Malvern is a small settlement on the junction of Malvern Road and Felton Road in Whiteside County, Illinois. It lies just off the Lincoln Highway, a celebrated pioneer trail linking New York and San Francisco. The landscape is principally flat with extensive corn and soya bean farming where once buffalo grazed the prairie, alongside savannah and woodlands. The Lincoln Highway comprises a series of interlinked roads that once formed a major route west for horse drawn wagons and later motor vehicles.
Along this route four Malverns are situated, each within a few miles of the historic trail. Malvern Illinois lies about 5 miles from the Highway 30, which is part of the Lincoln Highway. Today the wagon trail and later trans continental road is replaced by a major interstate highway nearby. Just east of the Mississippi River, Morrison is the nearest town now by-passed by the interstate. Malvern to the north-east falls within its jurisdiction.

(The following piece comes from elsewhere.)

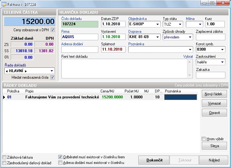 Detail produktu ZK Faktury | |

Arriving at the heart of Malvern through a landscape of corn fields you are confronted with a substantial residence on the Malvern and Felton roads junction identified above. This is the old general store but has long closed its retail shop. A dozen or so houses are scattered nearby. If you then follow the Felton Road from the junction for about half a mile, Rock Grove and Elm Road lie on the right near the bridge over the creek. Malvern Mill lies at the junction with Elm Road and the cemetery lies along Rock Grove. The mill dates from the 1850s and is named Appel Mill after an earlier owner. It was rebuilt in 1858. Today it is an historic protected building but no longer is use as a mill.
Malvern Mill
In the 19th century when Malvern was first established it was substantially busier than what we see today however. The township of Malvern dates from the 1870s when a post office was set up by William D Hayes, the first post master. For 8 years he was also the local Justice of the Peace. His ancestors had come from England towards the end of the 17th century. He originated from Chester County Pennsylvania, which is where another Malvern exists also on the Lincoln Highway route west. It is quite likely that he named the new township after his old haunt.
Accompanying William D Hayes was Henry E Horning, a carpenter. After returning for 2 years to his home country at Worcester (he was born in 1839 in Montgomery Pennsylvania where there is an unincorporated Worcester township) he came to Malvern Illinois and traded in medicines. About that time there were blacksmiths, two
retail stores, and soon after a school and a church. In
By the 1960s Malvern was declining and only a single store and the church remained, apart from domestic and agricultural buildings and the mill. The post office had ceased as early as 1902. Eventually the store closed and the church was pulled down.
Today a visitor could easily drive through without realising and a pedestrian is unusual to say the least. When exploring the locality do exchange greetings with local residents before checking out the mill and cemetery up the Fulton Road. In the Rock Creek cemetery as it is known, you will find many family's graves back to the 1860s, underlining when Malvern was a thriving township.
In the picture Cora chats with local residents outside the former general store. The young lady has a goody bag from Great Malvern UK. Other gifts (books) from Great Malvern are deposited at the Morrison Library for all to see.